▶ The problem: Your job is to print, exactly, the lines in the data below from the line with "Maki Zenin Jujutsu" through the line with "Splat! | ||", both included, and to omit any picture.
===== Material to process =====
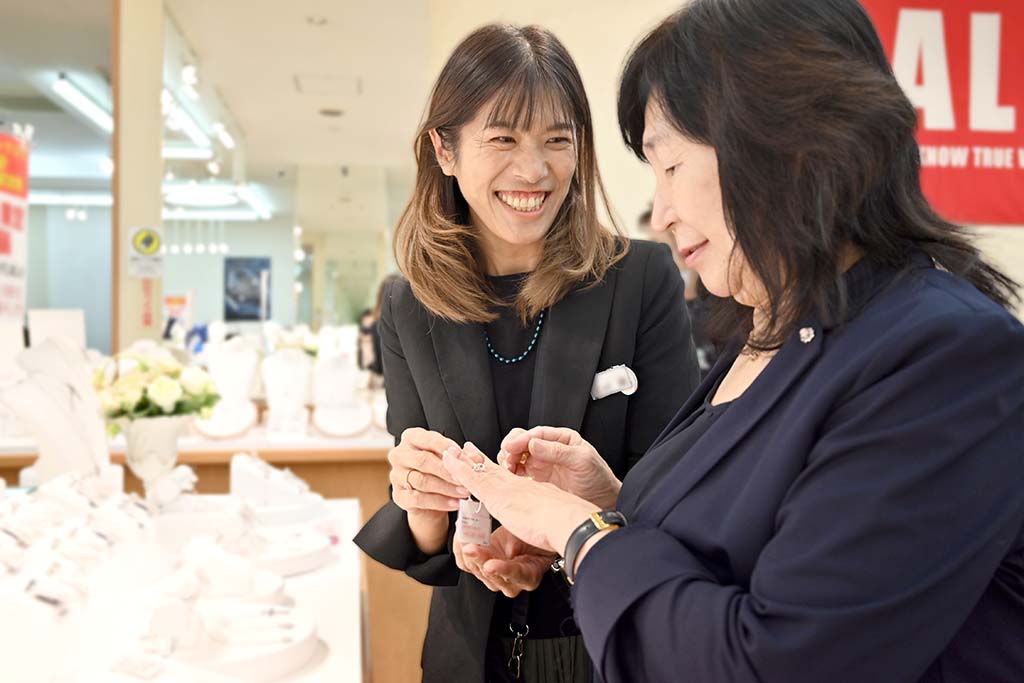 また、通常の宝石店と違い、全商品がオープンレンジで自由に試着できる点もお客様に大変喜ばれています!
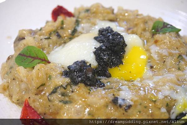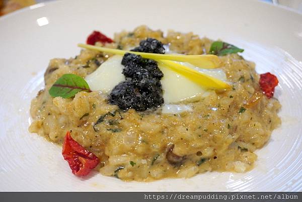 松露野菇帕瑪森附溫泉蛋燉飯,NT 350元。
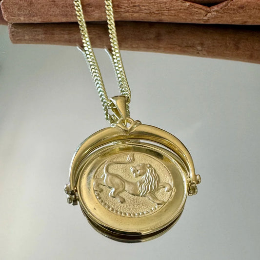 Cosmic Spin Zodiac Leo Necklace - Solid Gold Zodiac Pendant
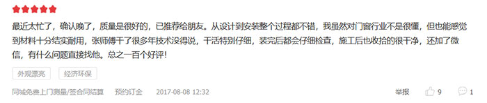質(zhì)量是很好的,已推薦給朋友。從設(shè)計(jì)到安裝整個(gè)過(guò)程都不錯(cuò),我雖然對(duì)門窗行業(yè)不是很懂,但也能感覺(jué)到材料十分結(jié)實(shí)耐用,張師傅干了很多年技術(shù)沒(méi)得說(shuō),干活特別仔細(xì),裝完后都會(huì)仔細(xì)檢查,施工后也收拾的很干凈,還加了微信,有什么問(wèn)題直接找他。總之一百個(gè)好評(píng)!
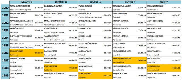 Muito legal trazer de volta essa prova tão famosa. Mas tenho a mesma opinião da Marina Cordani: detestava a prova! Ganhei dois bronzes nem sei como, fiquei no pódium com nadadoras muito fortes (Shirley Falbo, Mara Hoffenbauch, Maria Cecília Giacaglia), e eu perdida lá… Tenho uma foto muito engraçada que mostra o tamanho dessas meninas na época e o meu… o antebraço delas dava meu bíceps e tríceps, contraídos, juntos!
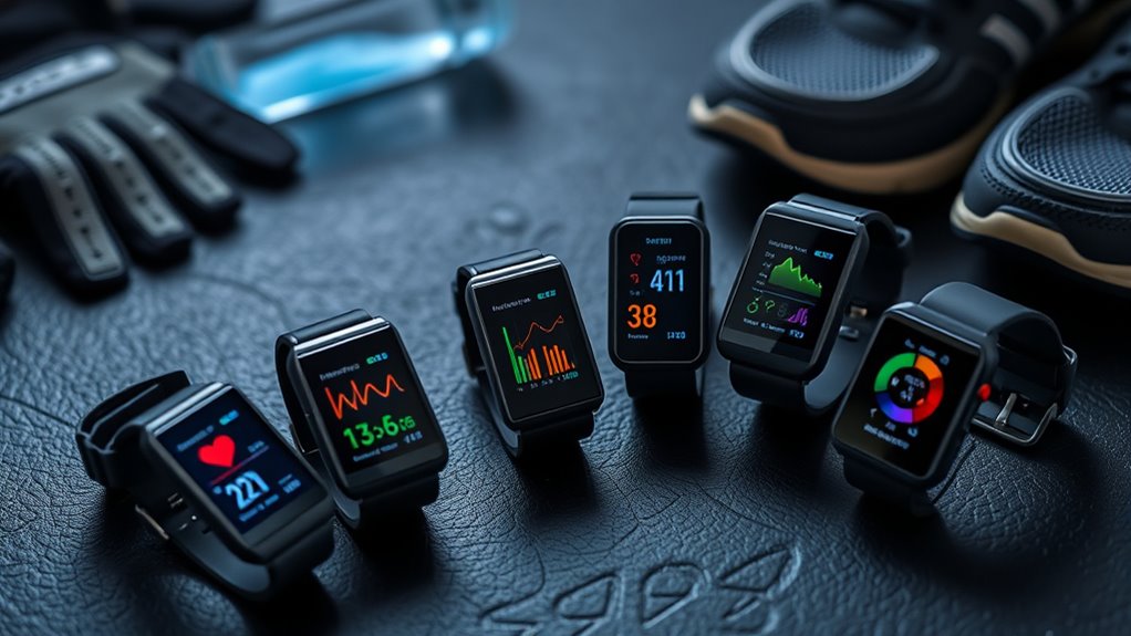 Looking to boost your performance, I recommend exploring the top fitness trackers for athletes in 2025. These devices offer advanced health metrics like heart rate, VO2 max, sleep, and recovery, along with support for over 16 sports modes. They’re durable, stylish, and seamlessly sync with your phone for real-time insights. Whether you’re into running, swimming, or team sports, these options can help refine your training. Keep going, and you’ll uncover the best picks to elevate your game.
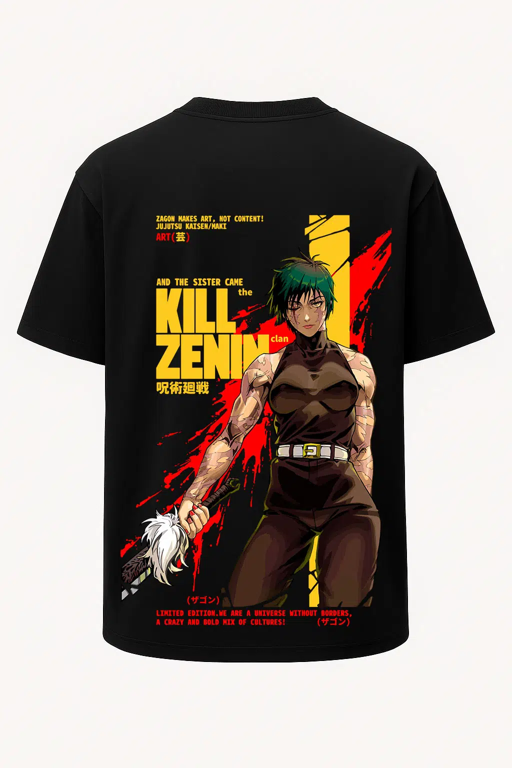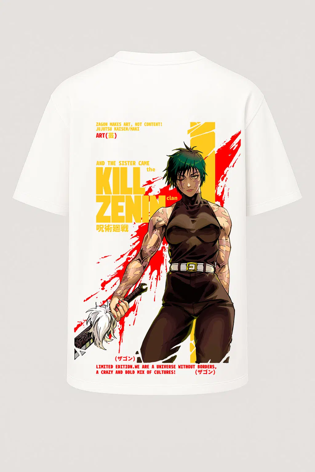 Maki Zenin Jujutsu Kaisen Geniş Baskılı Oversize Tişört 55 cm uzunluğa sahip geniş bir tasarım alanına sahiptir. Tam boy Jujutsu Kaisen baskı sevenler için özel olarak üretilen oversize tişört unisex tasarımda ve %100 organik pamuk kumaştan üretilmiştir. Geniş kesim yapısıyla, bol giyim tercih edenlere özel yapıdadır. Nefes alabilir kumaşı sayesinde sıcak günlerde bile konforlu bir deneyim yaşatır. Yüksek dayanıklılığa sahip transfer baskı teknolojisi uygulanan baskılı tişörtlerimiz her yıkamada canlılığını korur. Hem kendiniz için şık bir seçim, hem de sevdiklerinize özel ve anlamlı bir hediye alternatifi olarak tercih edebilirsiniz.
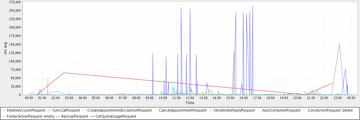 avg(DeleteAccountRequest) = 21459.33 avg(SyncGalRequest) = 11219.80 avg(CreateAppointmentExceptionRequest) = 934.40 avg(CancelAppointmentRequest) = 715.75 avg(SendInviteReplyRequest) = 809.93 avg(AutoCompleteRequest) = 1050.46 avg(ConvActionRequest.delete) = 1447.19 avg(FolderActionRequest.empty) = 6044.76 avg(BackupRequest) = 25395.75 avg(GetQuotaUsageRequest) = 1345.00
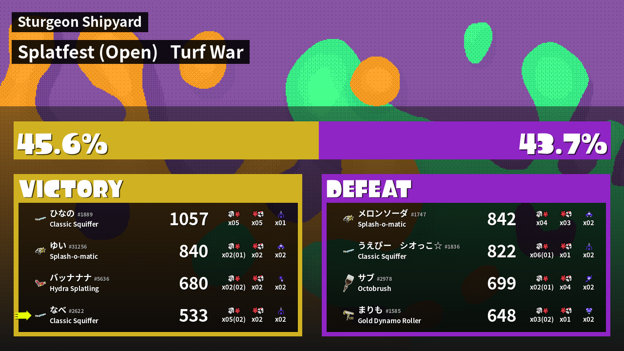 | Medals | #1 Overall Splatter #1 Splat Assister First Splat! | ||
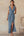 Robe longue de travail en satin bleu ciel à col en V avec fente
=====
▶ Exercise answer:
 Maki Zenin Jujutsu Kaisen Geniş Baskılı Oversize Tişört 55 cm uzunluğa sahip geniş bir tasarım alanına sahiptir. Tam boy Jujutsu Kaisen baskı sevenler için özel olarak üretilen oversize tişört unisex tasarımda ve %100 organik pamuk kumaştan üretilmiştir. Geniş kesim yapısıyla, bol giyim tercih edenlere özel yapıdadır. Nefes alabilir kumaşı sayesinde sıcak günlerde bile konforlu bir deneyim yaşatır. Yüksek dayanıklılığa sahip transfer baskı teknolojisi uygulanan baskılı tişörtlerimiz her yıkamada canlılığını korur. Hem kendiniz için şık bir seçim, hem de sevdiklerinize özel ve anlamlı bir hediye alternatifi olarak tercih edebilirsiniz.
 avg(DeleteAccountRequest) = 21459.33 avg(SyncGalRequest) = 11219.80 avg(CreateAppointmentExceptionRequest) = 934.40 avg(CancelAppointmentRequest) = 715.75 avg(SendInviteReplyRequest) = 809.93 avg(AutoCompleteRequest) = 1050.46 avg(ConvActionRequest.delete) = 1447.19 avg(FolderActionRequest.empty) = 6044.76 avg(BackupRequest) = 25395.75 avg(GetQuotaUsageRequest) = 1345.00
 | Medals | #1 Overall Splatter #1 Splat Assister First Splat! | ||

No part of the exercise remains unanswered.